| WORK ITEM |
A verbatim copy is needed of the lines below from the one containing "Ideally located near" up to and including the one containing "This year is", excluding pictures.

| RAW DATA |
»»
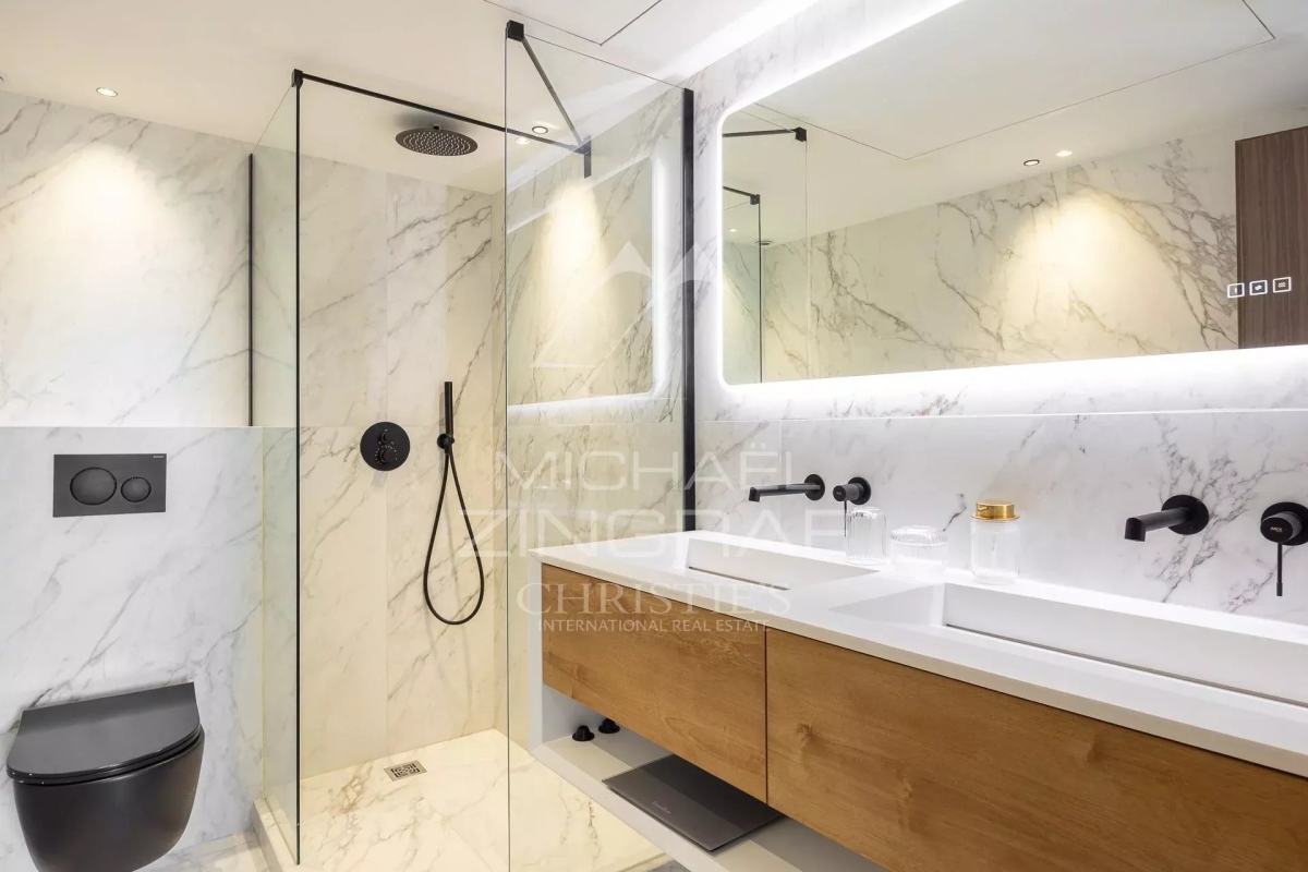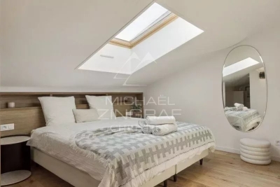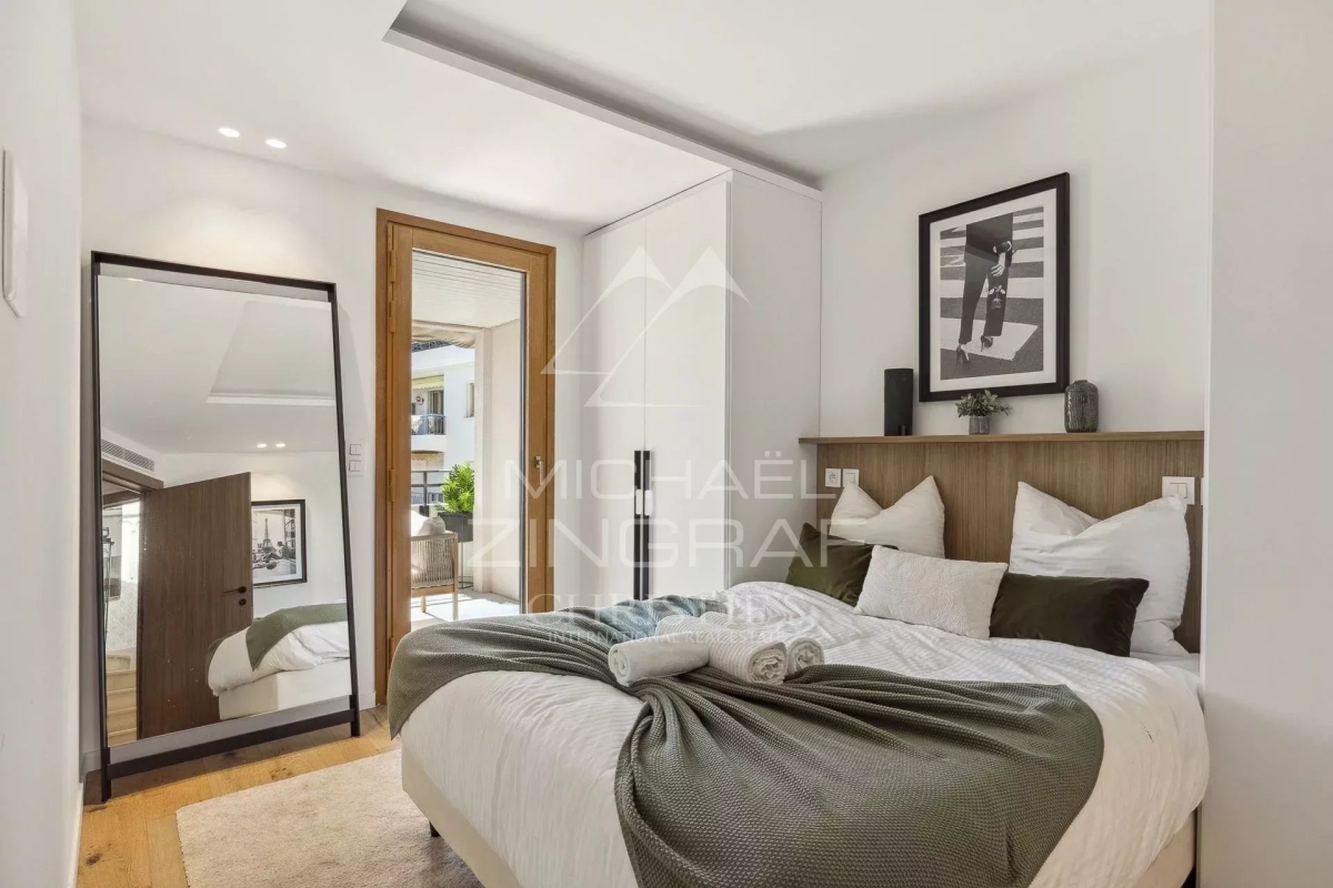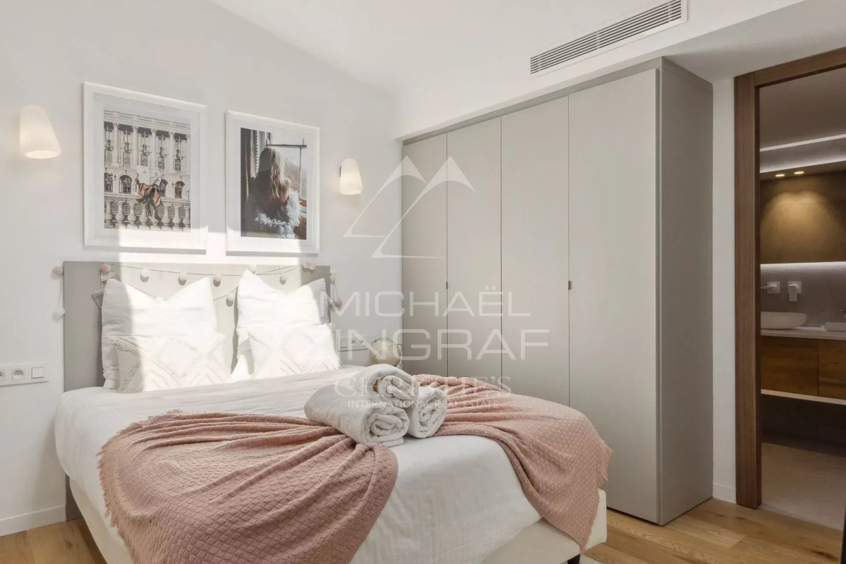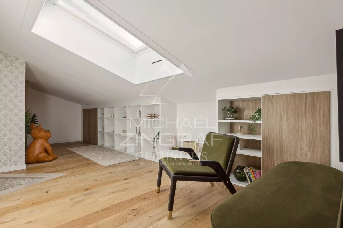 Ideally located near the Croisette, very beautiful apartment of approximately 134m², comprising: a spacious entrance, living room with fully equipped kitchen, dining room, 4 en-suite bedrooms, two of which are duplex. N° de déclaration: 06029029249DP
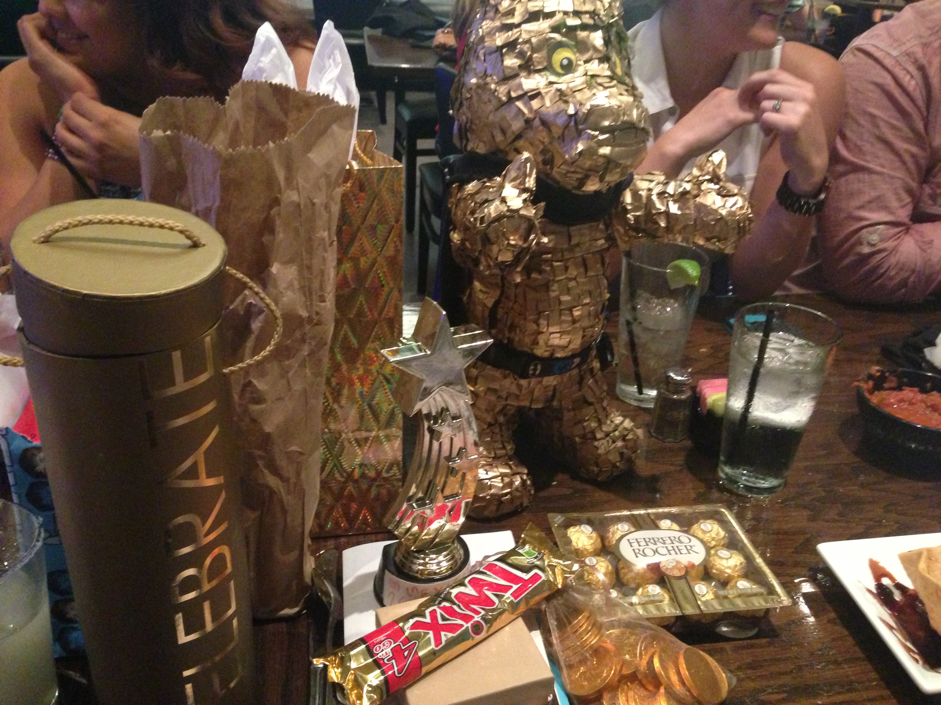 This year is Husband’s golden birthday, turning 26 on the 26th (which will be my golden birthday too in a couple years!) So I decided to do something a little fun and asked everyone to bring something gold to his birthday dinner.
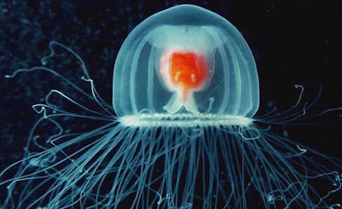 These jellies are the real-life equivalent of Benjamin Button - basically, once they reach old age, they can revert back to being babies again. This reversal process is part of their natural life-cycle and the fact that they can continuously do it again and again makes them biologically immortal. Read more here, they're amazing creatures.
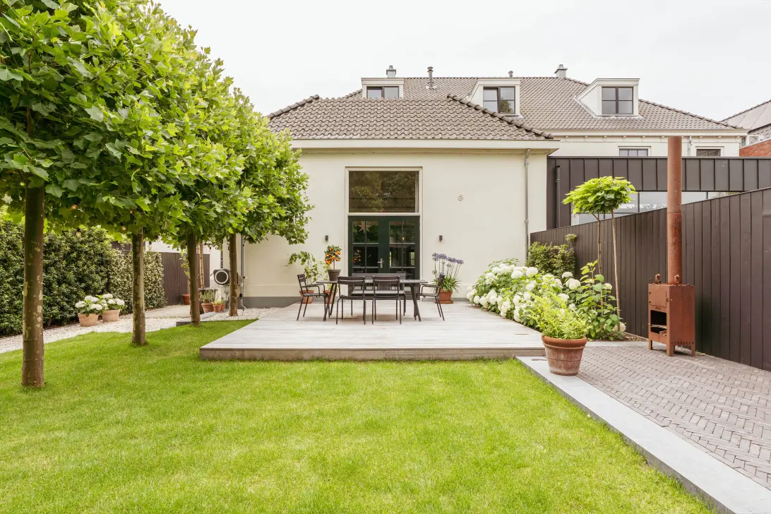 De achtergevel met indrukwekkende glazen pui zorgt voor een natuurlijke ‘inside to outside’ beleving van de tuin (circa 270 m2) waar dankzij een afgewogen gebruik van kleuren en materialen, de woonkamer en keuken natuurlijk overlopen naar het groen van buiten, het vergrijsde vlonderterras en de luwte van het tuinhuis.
««
»»
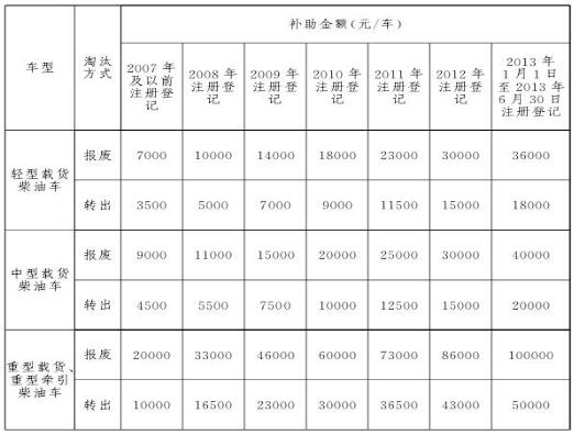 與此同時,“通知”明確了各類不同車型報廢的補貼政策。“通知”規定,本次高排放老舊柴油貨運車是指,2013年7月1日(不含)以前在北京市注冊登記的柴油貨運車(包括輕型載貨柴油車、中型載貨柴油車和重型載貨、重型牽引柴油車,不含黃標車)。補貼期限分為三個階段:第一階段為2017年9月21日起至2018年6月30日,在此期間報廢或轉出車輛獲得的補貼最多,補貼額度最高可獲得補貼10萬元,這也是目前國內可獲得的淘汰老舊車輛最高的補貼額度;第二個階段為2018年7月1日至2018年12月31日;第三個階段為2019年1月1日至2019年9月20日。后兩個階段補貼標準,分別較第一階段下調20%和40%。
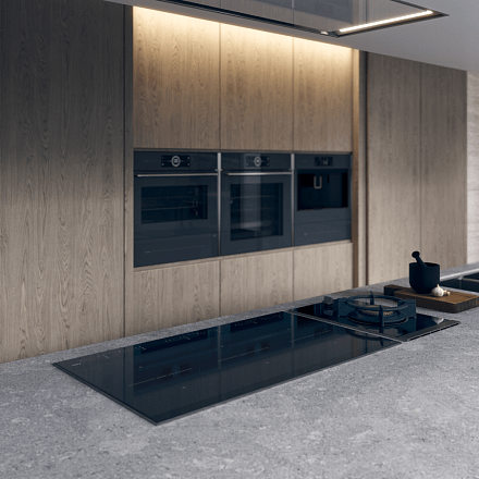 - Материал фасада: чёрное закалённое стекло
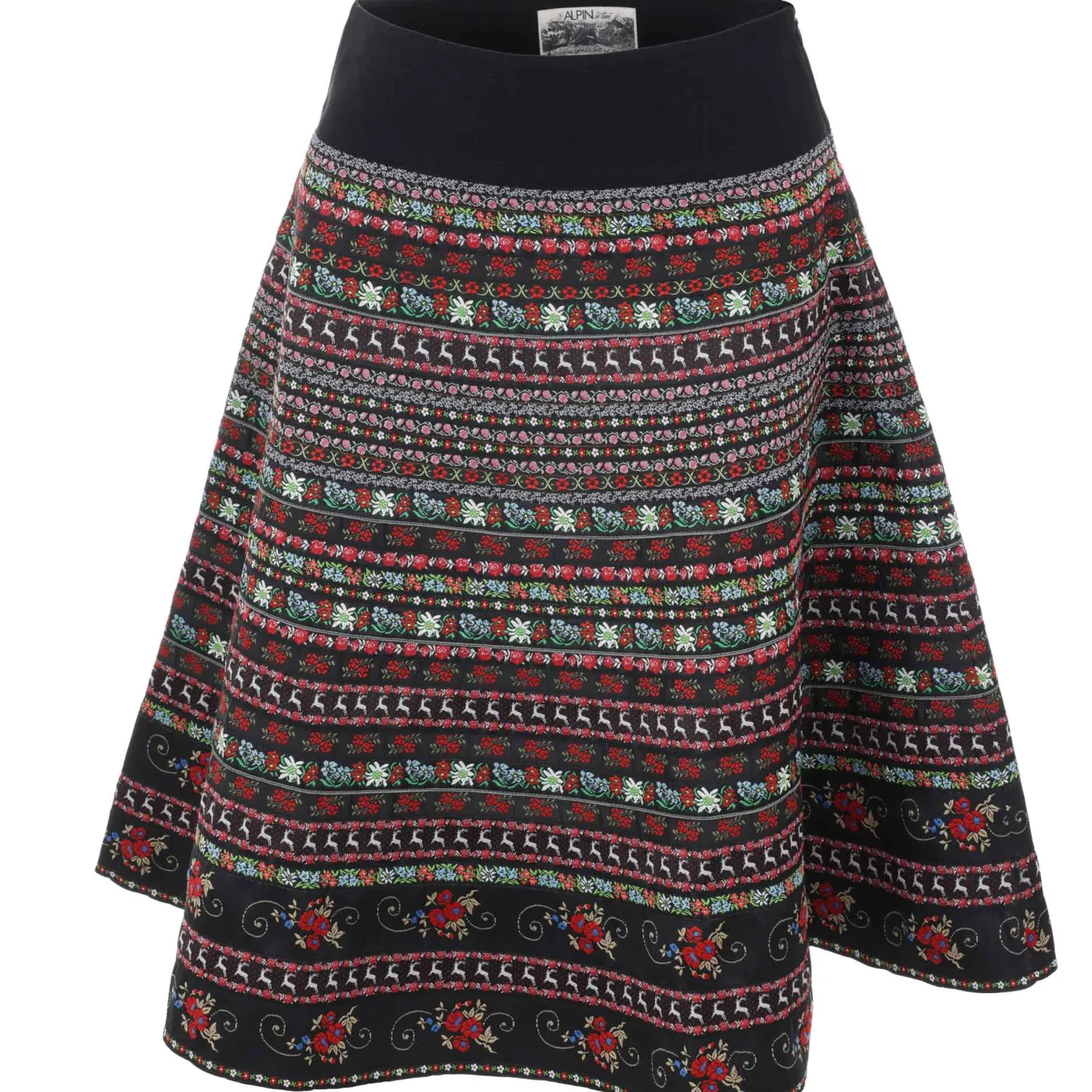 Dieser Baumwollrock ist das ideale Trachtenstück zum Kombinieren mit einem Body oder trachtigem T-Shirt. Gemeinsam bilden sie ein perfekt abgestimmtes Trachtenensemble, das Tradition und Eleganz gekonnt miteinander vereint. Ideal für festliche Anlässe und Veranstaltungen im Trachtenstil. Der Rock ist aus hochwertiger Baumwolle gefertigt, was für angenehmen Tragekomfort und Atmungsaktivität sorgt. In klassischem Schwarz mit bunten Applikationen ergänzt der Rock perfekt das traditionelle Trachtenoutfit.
««
»»
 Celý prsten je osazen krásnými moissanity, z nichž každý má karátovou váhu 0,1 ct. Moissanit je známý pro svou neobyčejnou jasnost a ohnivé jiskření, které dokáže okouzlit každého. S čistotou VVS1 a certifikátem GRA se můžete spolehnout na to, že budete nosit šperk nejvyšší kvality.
««
| THE ANSWER |
 Ideally located near the Croisette, very beautiful apartment of approximately 134m², comprising: a spacious entrance, living room with fully equipped kitchen, dining room, 4 en-suite bedrooms, two of which are duplex. N° de déclaration: 06029029249DP
 This year is Husband’s golden birthday, turning 26 on the 26th (which will be my golden birthday too in a couple years!) So I decided to do something a little fun and asked everyone to bring something gold to his birthday dinner.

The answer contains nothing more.